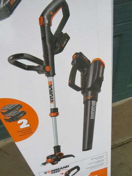 LOT 130 - NIB Worx 20-volt cordless blower and trimmer/edger. Includes two batteries and charger.
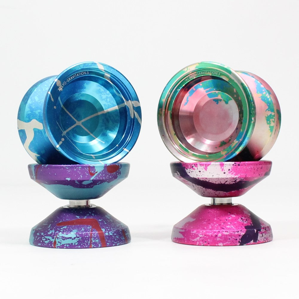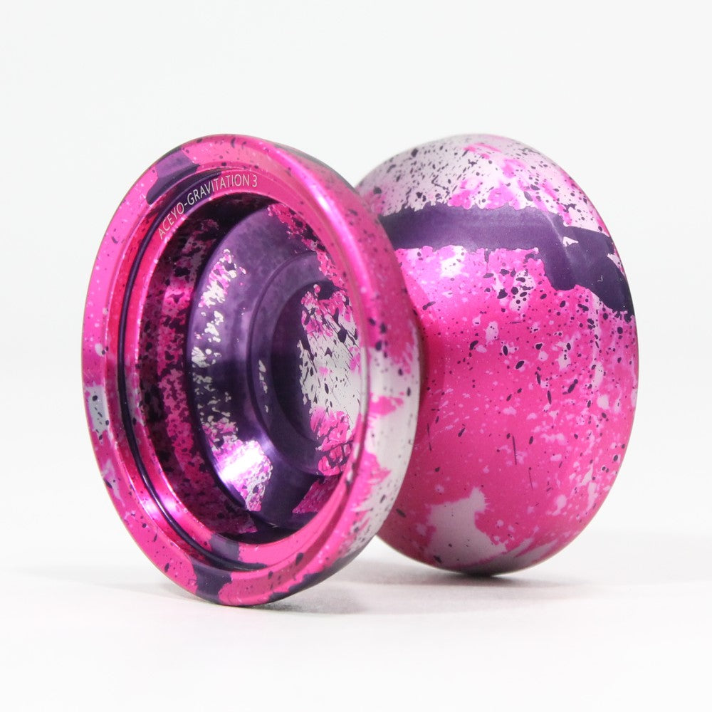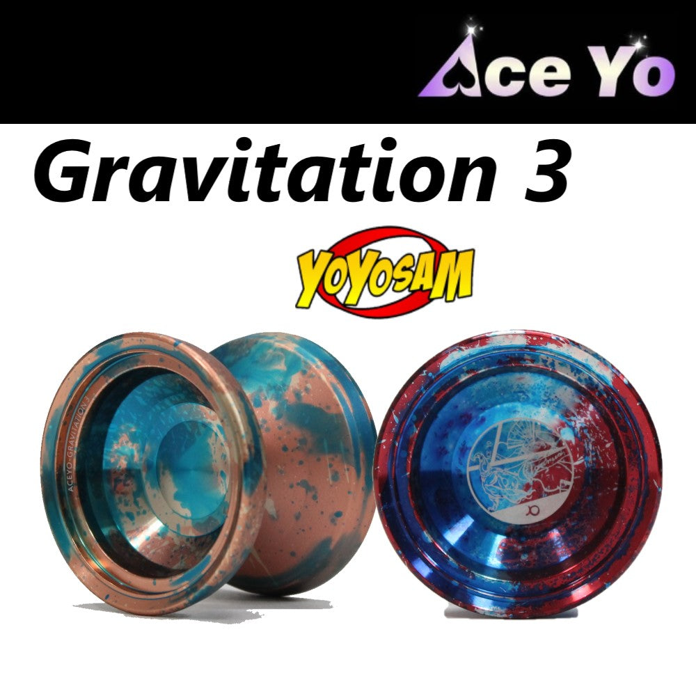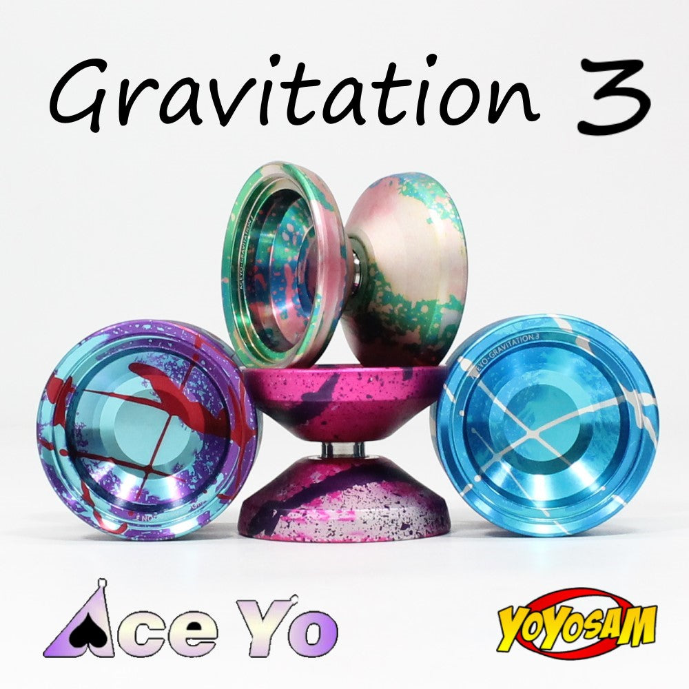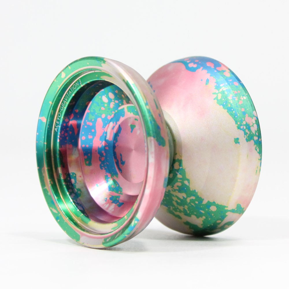 Aceyo Gravitation series are great for players looking for a solid playing monometal yo-yo and a great price! Featuring some eye popping colorways, the Gravitaion 3 is a solid addition to the Gravitation series of budget friendly, highly capable yo-yos! It features a soft blasted catch zone for long lasting grind tricks, and a speedy V-shape profile for practicing your fastest speed combos!
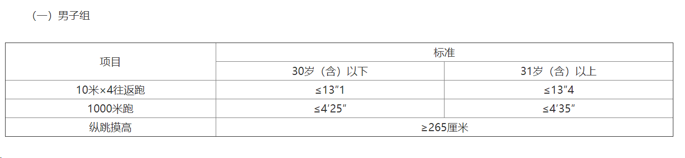 報考緊缺職位的人員,體能測評項目三項中有兩項達(dá)標(biāo)的,視為合格。報考其他職位的人員,體能測評三項全部達(dá)標(biāo)方為合格。
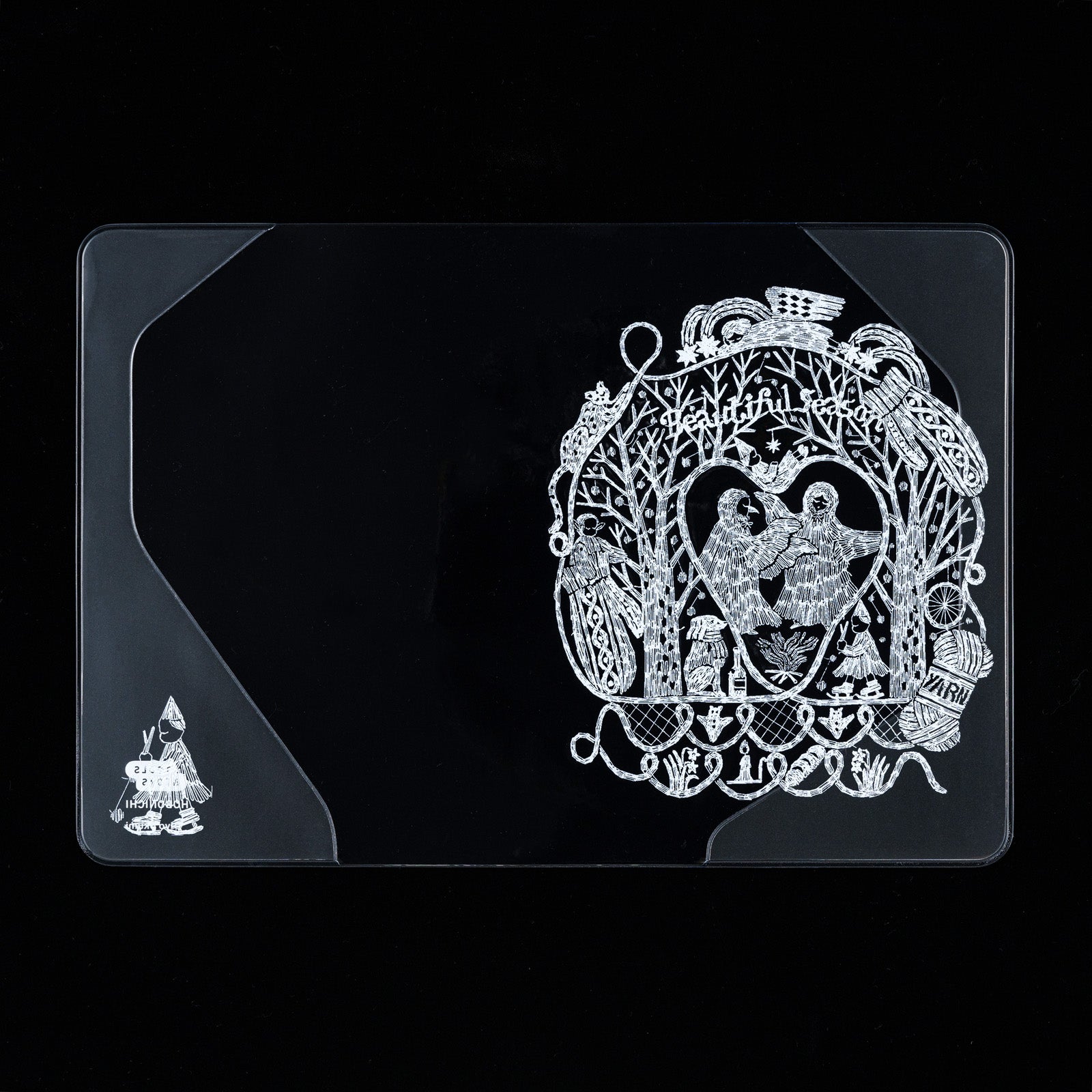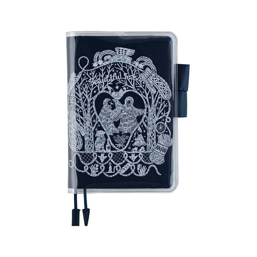 This clear cover fits onto a Hobonichi Techo A6 cover to protect it from wear and tear and features a print from embroiderer and illustrator Iyo Okumi's embroidered artwork. When placed over a solid-color Techo cover, the print stands out. This one is called "Beautiful Season" and depicts the beauty of the winter season.
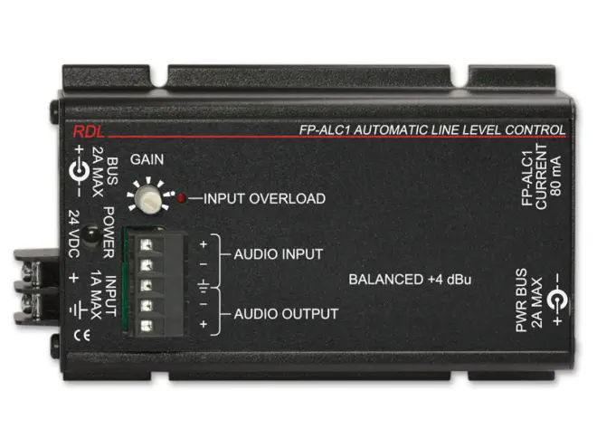 Das RDL-FP-ALC1 ist die ideale Wahl für Anwendungen in denen gleichbleibende Signalpegel von verschiedenen Audioquellen benötigt werden. Stromversorgung wird entweder über Steckverbindungen hergestellt oder durch die DC Eingangsbuchse die seitlich am Gehäuse angebracht ist.
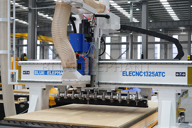 直排12把刀刀庫在龍門下邊,配自動上料平臺和自動下料平臺,節(jié)省換刀及上下料時間,生產(chǎn)效率高。
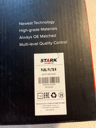 Filtro de combustível STARK. - Tecnologia mais recente. - Materiais de alta qualidade. - Correspondência OE. - Controlo de qualidade multinível. - Fabricado na Alemanha.
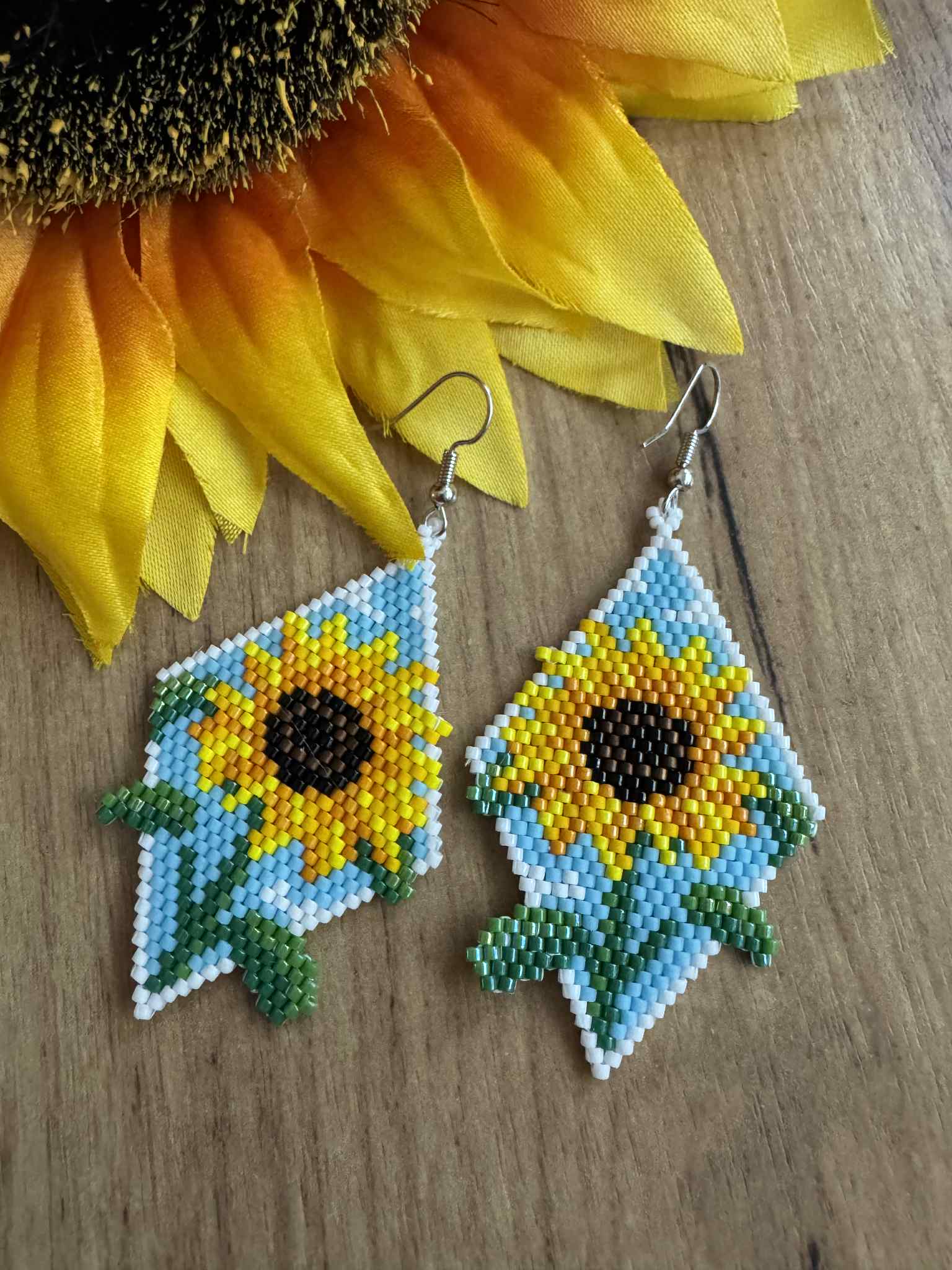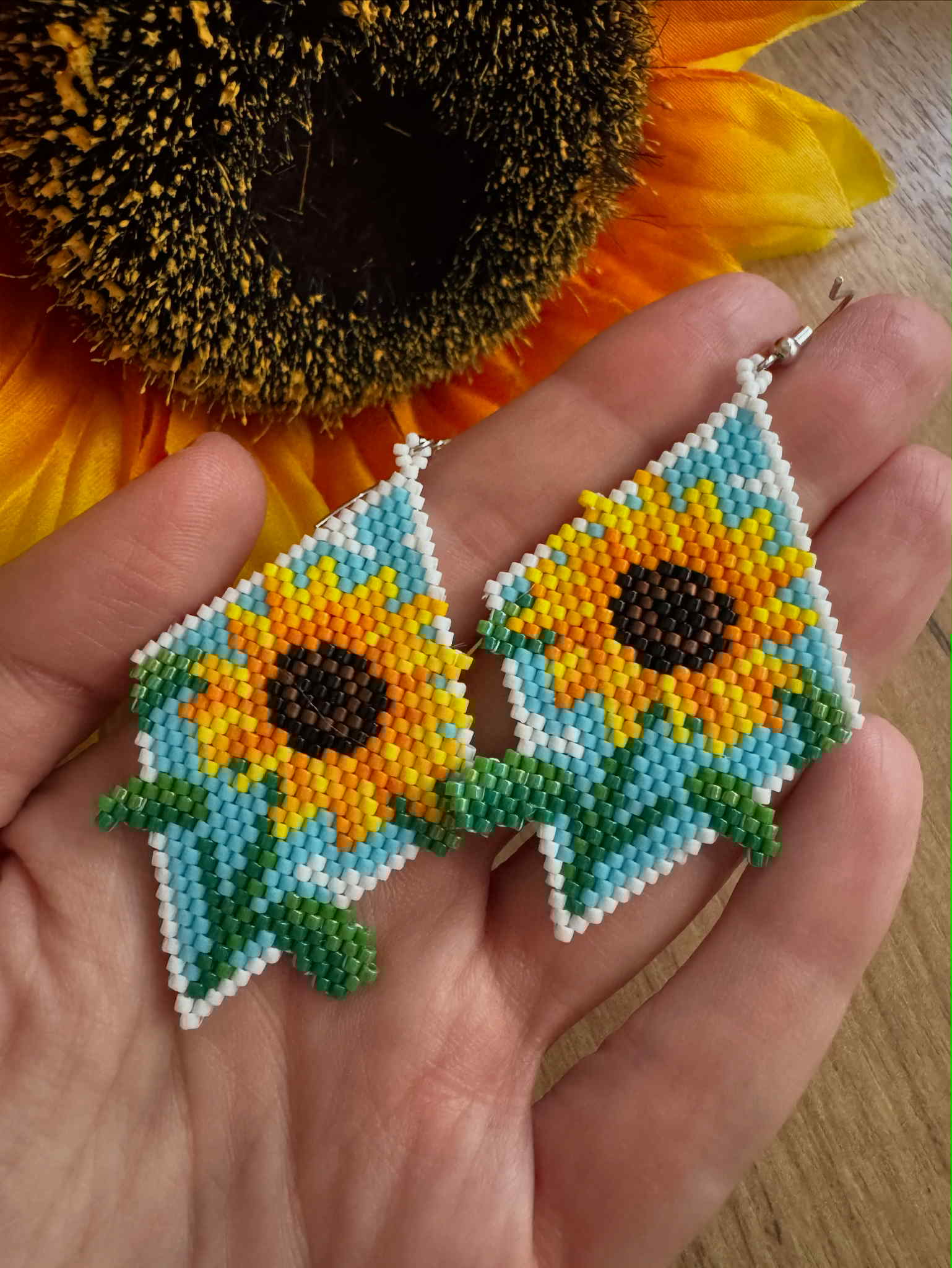 Raw technikával fűzött gyöngy fülbevaló. A fülbevaló hossza akasztóval: 8 cm. Csak a fűzött rész hossza: 6 cm A fülbevaló legszélesebb pontja: 3,8 cm.
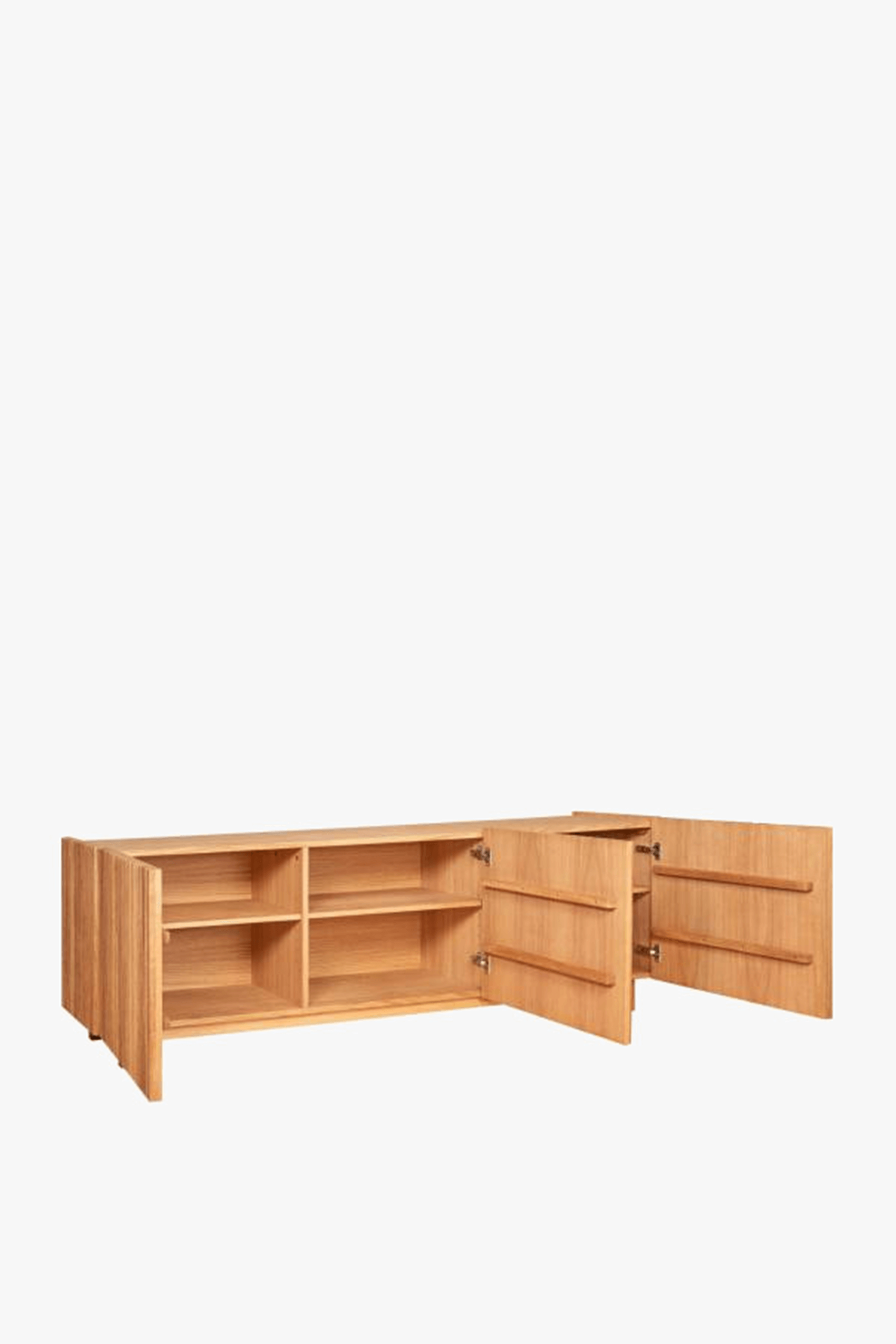 The Kargo collection designed by Habitat Design Studio is a complete line of storage furniture in oiled oak. Its industrial look combined with the timeless elegance of the oak give it a revamped “container” look. The thin vertical spats and the smooth lacquered boards create an interesting contrast. The collection incorporates minimalist and contemporary lines.
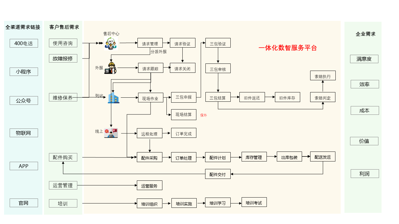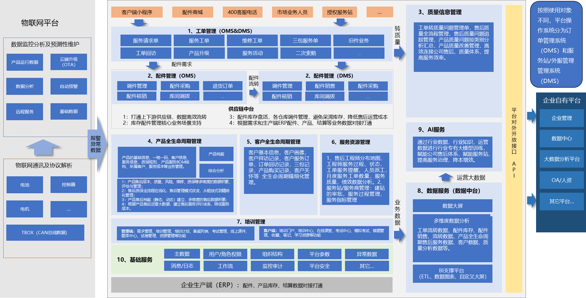 业务功能上不局限于售后工单、配件管理等业务,而是建立公司级的一体化服务体系,打通售后、销售、服务站、质量、客户等各个业务流程,客户角色多元化,形成全业务场景、全流程在线管理的闭环能力,持续满足客户需求,为客户创造终身价值,同时,提高公司可持续的、综合的治理能力; 技术上采用云计算、大数据等数字化技术,推动数据驱动业务能力的提升,同时,融合AI大模型的能力,逐步实现智能化、建立私有大模型。

********

Word for word, copy out each record; do not include pictures.

 LOT 130 - NIB Worx 20-volt cordless blower and trimmer/edger. Includes two batteries and charger.
 Aceyo Gravitation series are great for players looking for a solid playing monometal yo-yo and a great price! Featuring some eye popping colorways, the Gravitaion 3 is a solid addition to the Gravitation series of budget friendly, highly capable yo-yos! It features a soft blasted catch zone for long lasting grind tricks, and a speedy V-shape profile for practicing your fastest speed combos!
 報考緊缺職位的人員,體能測評項目三項中有兩項達(dá)標(biāo)的,視為合格。報考其他職位的人員,體能測評三項全部達(dá)標(biāo)方為合格。
 This clear cover fits onto a Hobonichi Techo A6 cover to protect it from wear and tear and features a print from embroiderer and illustrator Iyo Okumi's embroidered artwork. When placed over a solid-color Techo cover, the print stands out. This one is called "Beautiful Season" and depicts the beauty of the winter season.
 Das RDL-FP-ALC1 ist die ideale Wahl für Anwendungen in denen gleichbleibende Signalpegel von verschiedenen Audioquellen benötigt werden. Stromversorgung wird entweder über Steckverbindungen hergestellt oder durch die DC Eingangsbuchse die seitlich am Gehäuse angebracht ist.
 直排12把刀刀庫在龍門下邊,配自動上料平臺和自動下料平臺,節(jié)省換刀及上下料時間,生產(chǎn)效率高。
 Filtro de combustível STARK. - Tecnologia mais recente. - Materiais de alta qualidade. - Correspondência OE. - Controlo de qualidade multinível. - Fabricado na Alemanha.
 Raw technikával fűzött gyöngy fülbevaló. A fülbevaló hossza akasztóval: 8 cm. Csak a fűzött rész hossza: 6 cm A fülbevaló legszélesebb pontja: 3,8 cm.
 The Kargo collection designed by Habitat Design Studio is a complete line of storage furniture in oiled oak. Its industrial look combined with the timeless elegance of the oak give it a revamped “container” look. The thin vertical spats and the smooth lacquered boards create an interesting contrast. The collection incorporates minimalist and contemporary lines.
 业务功能上不局限于售后工单、配件管理等业务,而是建立公司级的一体化服务体系,打通售后、销售、服务站、质量、客户等各个业务流程,客户角色多元化,形成全业务场景、全流程在线管理的闭环能力,持续满足客户需求,为客户创造终身价值,同时,提高公司可持续的、综合的治理能力; 技术上采用云计算、大数据等数字化技术,推动数据驱动业务能力的提升,同时,融合AI大模型的能力,逐步实现智能化、建立私有大模型。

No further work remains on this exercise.